Stored data
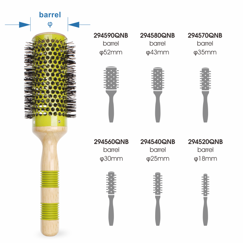 แปรงกลมด้ามจับทำจากไม้ม้วนร้อนกระบอกระบายอากาศเคลือบเซรามิกแห้งเร็วและขนแปรงไนล่อนไอออนิกสำหรับใช้ในร้านเสริมสวย
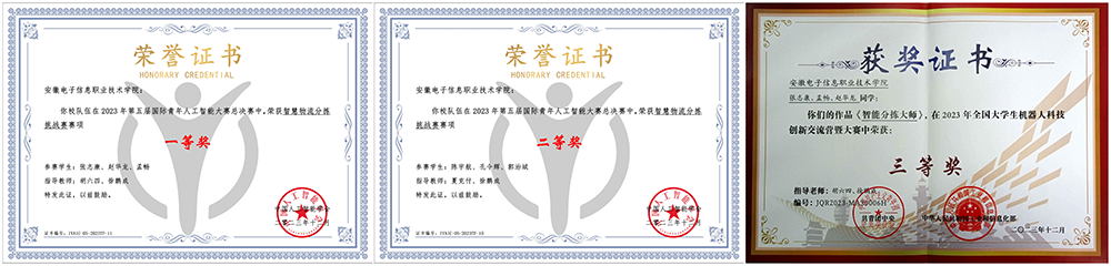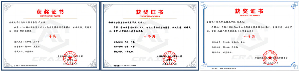 2023年第二十五届中国机器人及人工智能大赛—机器人任务挑战赛全国一等奖1项,二、三等奖各1项
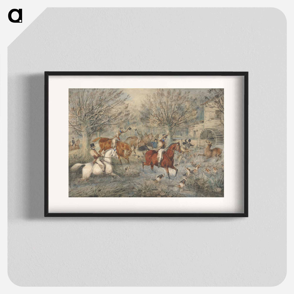 Stag Hunting - The Hind at Bay: In a Mill-Stream Below a Water-Mill, Right. - イェール大学アートギャラリー Poster.
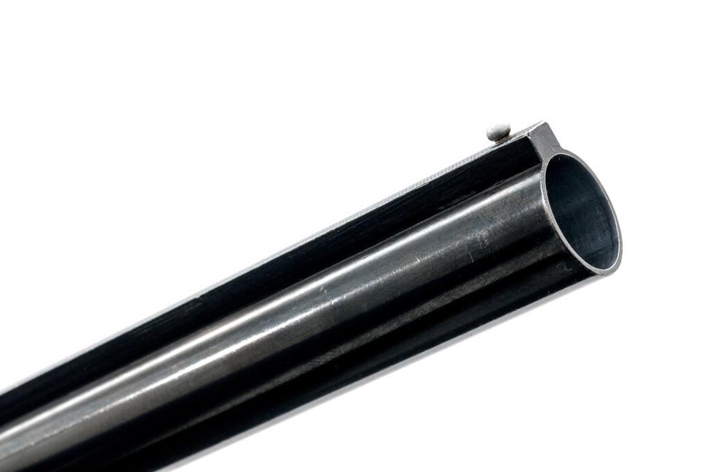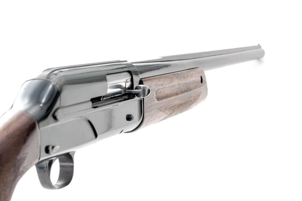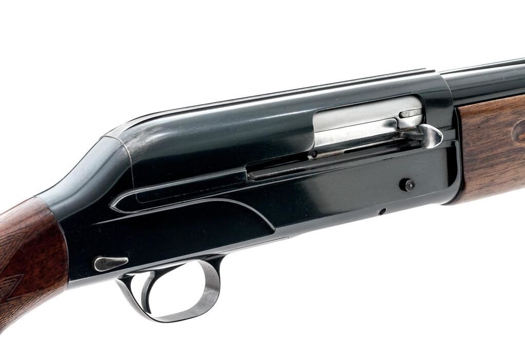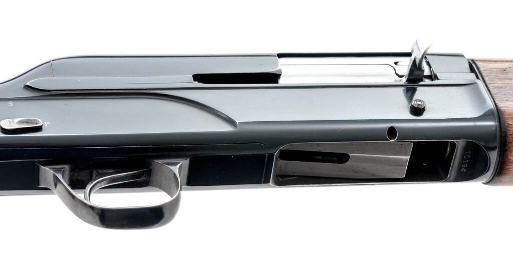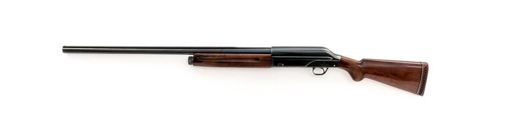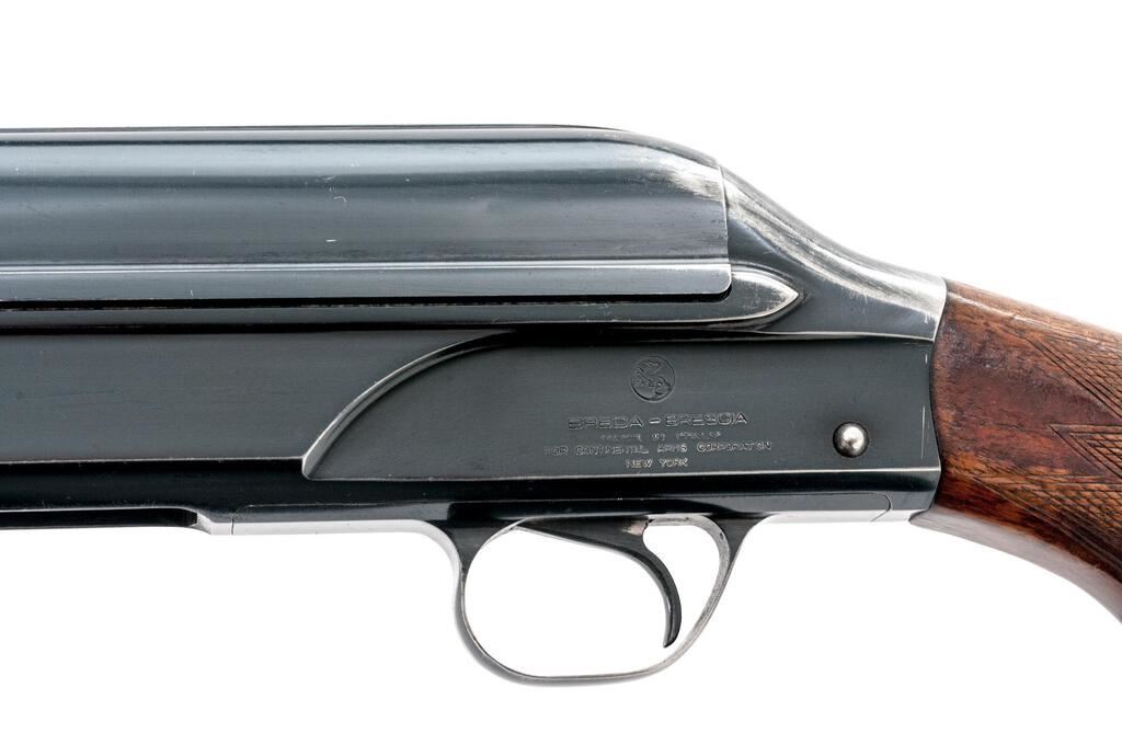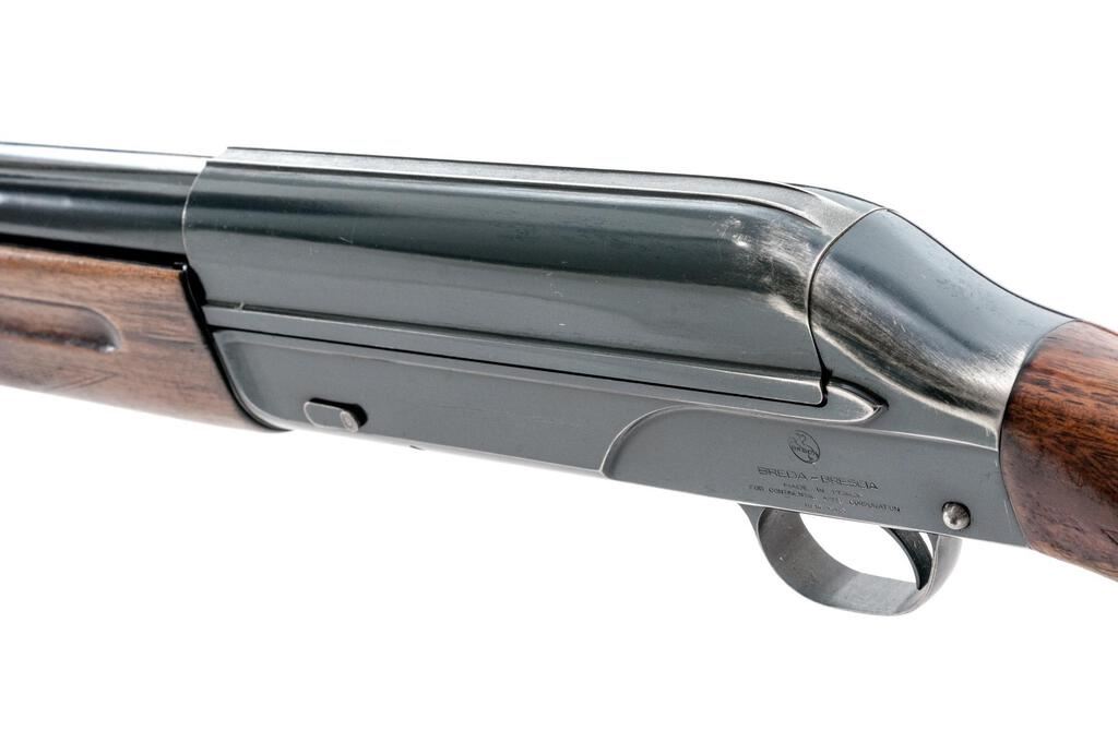 Breda Standard Model Semi-Automatic Shotgun, #10194. 12 ga. 27-1/2" solid rib barrel has a 2-3/4" chamber and is choked Full. The recoil-operated action is similar to the original Browning designs and was popular in Italy after WWII. The finger-groove forend and round knob pistol grip buttstock are European walnut, with worn checkering, Pachmayr pad, and short LOP at 13-1/4". Mfg'd 1952. Condition is good+, with much wear and many mars to wood but expected wear to action, which closes tight and functions correctly; bore is mirror bright. Est.: $250-$350. (C&R)
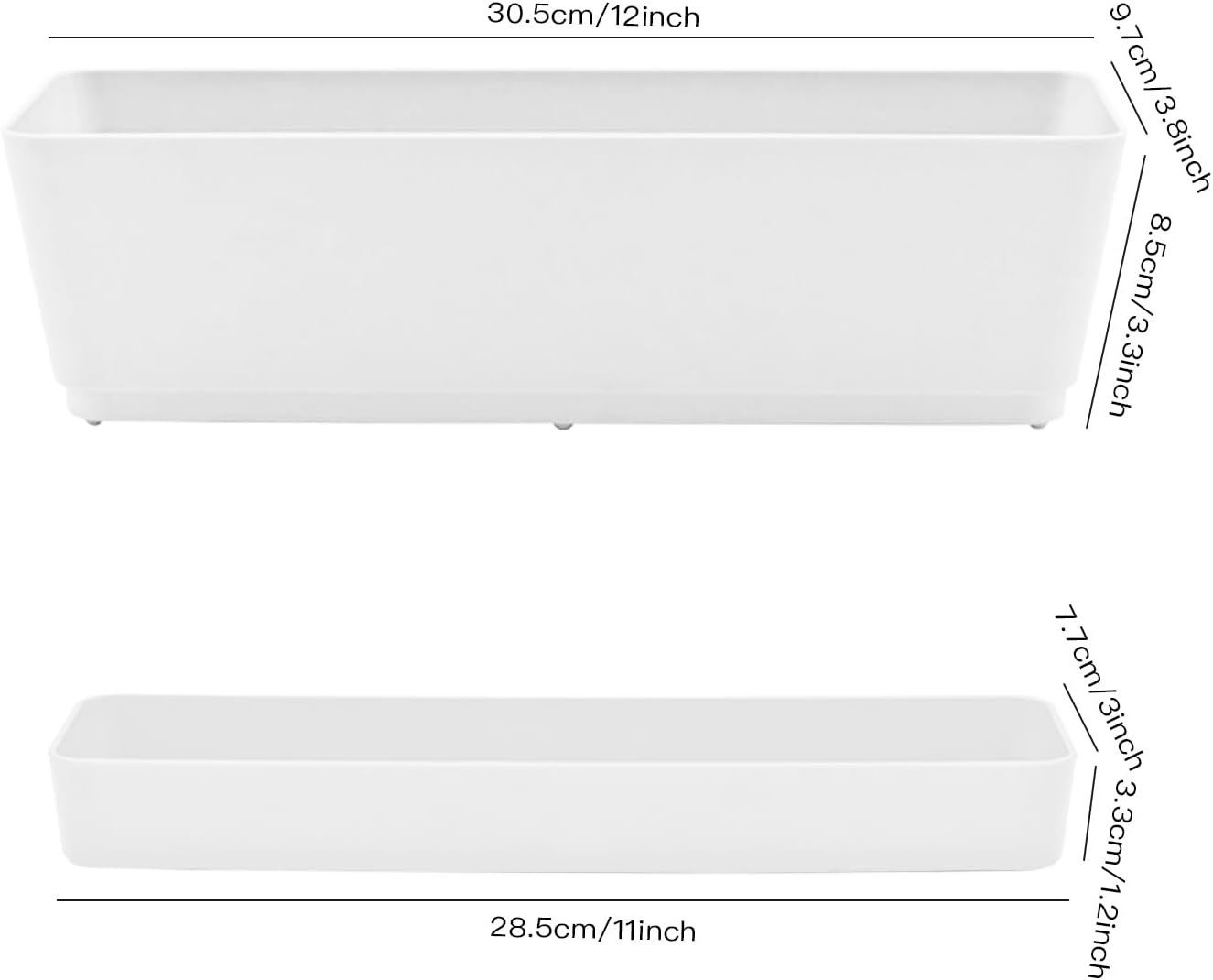 - Lightweight, Simple and Decorative- Each rectangle planter measures 12 x 3.8 x 3.3", and the saucer measures approx. 11.2 x 3 x 1.2". These window flower boxes are perfect for planting vegetables, succulents, cactus, herbs, flowers and more. Beige color can match any home decor perfectly, these succulent planters are great for placing at indoors and outdoors
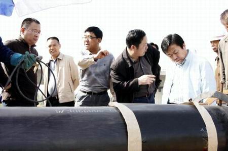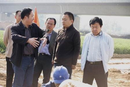 5月1日勞動節當天,賈琨副總裁又在三門峽中裕總經理楊豫忠、副總經理常文強、西二線工程建設指揮部副指揮長單超及施工、監理單位負責人的陪同下,實地考察了工程建設情況,對施工現場頂著30℃高溫緊張作業的全體施工、監理人員進行了親切慰問,于傳達董事局及管理總部各級領導關懷的同時,為大家能以更高的勁頭和更好的狀態投入到之后的建設中送去了及時的鼓勵和指導。
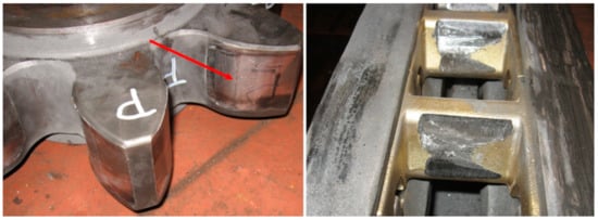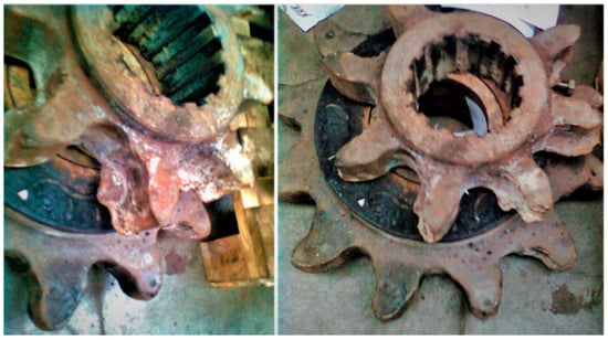 During operation, the adjacent conveyor troughs move in the horizontal and vertical planes one against the other. Rigid fastening of rack segments to the spill-plates supports makes their movement impossible, especially in the horizontal plane, which causes the rack position to change in relation to the track wheel when the route of the AFC (armored face conveyor) is bent. This leads, on the one hand, to a disturbance of the pitch between the end pins of adjacent linear racks and to a change in the distance between the pins of the rack segments and the axis of rotation of the track wheel, and on the other hand, to the so-called teeth edging [,,,,,,,,]. Unfavorable excesses of dynamic forces causing increased wear of the roadheader track wheel are a result of the above-mentioned route disturbance. In turn, as a result of the so-called teeth edging, the pressing stresses between the cooperating surfaces of the track wheel and rack are significantly exceeded, which also leads to excessive wear of the shearers’ track wheels. These phenomena are intensified along with the increasing power of movers and the weight of longwall shearers []. This is the reason for numerous downtimes during the longwall mining, leading to large losses due to the need to replace worn-out components in particularly dangerous conditions []. The view of damaged track wheels requiring replacement is shown in the Figure 2. In comparison to the new one, the dimensions of the teeth are up to 50% decreased.

### What you should do
From the opening line of the entries above to the line containing "- Lightweight, Simple", please transcribe each line exactly, skipping every picture.

### Written answer
 แปรงกลมด้ามจับทำจากไม้ม้วนร้อนกระบอกระบายอากาศเคลือบเซรามิกแห้งเร็วและขนแปรงไนล่อนไอออนิกสำหรับใช้ในร้านเสริมสวย
 2023年第二十五届中国机器人及人工智能大赛—机器人任务挑战赛全国一等奖1项,二、三等奖各1项
 Stag Hunting - The Hind at Bay: In a Mill-Stream Below a Water-Mill, Right. - イェール大学アートギャラリー Poster.
 Breda Standard Model Semi-Automatic Shotgun, #10194. 12 ga. 27-1/2" solid rib barrel has a 2-3/4" chamber and is choked Full. The recoil-operated action is similar to the original Browning designs and was popular in Italy after WWII. The finger-groove forend and round knob pistol grip buttstock are European walnut, with worn checkering, Pachmayr pad, and short LOP at 13-1/4". Mfg'd 1952. Condition is good+, with much wear and many mars to wood but expected wear to action, which closes tight and functions correctly; bore is mirror bright. Est.: $250-$350. (C&R)
 - Lightweight, Simple and Decorative- Each rectangle planter measures 12 x 3.8 x 3.3", and the saucer measures approx. 11.2 x 3 x 1.2". These window flower boxes are perfect for planting vegetables, succulents, cactus, herbs, flowers and more. Beige color can match any home decor perfectly, these succulent planters are great for placing at indoors and outdoors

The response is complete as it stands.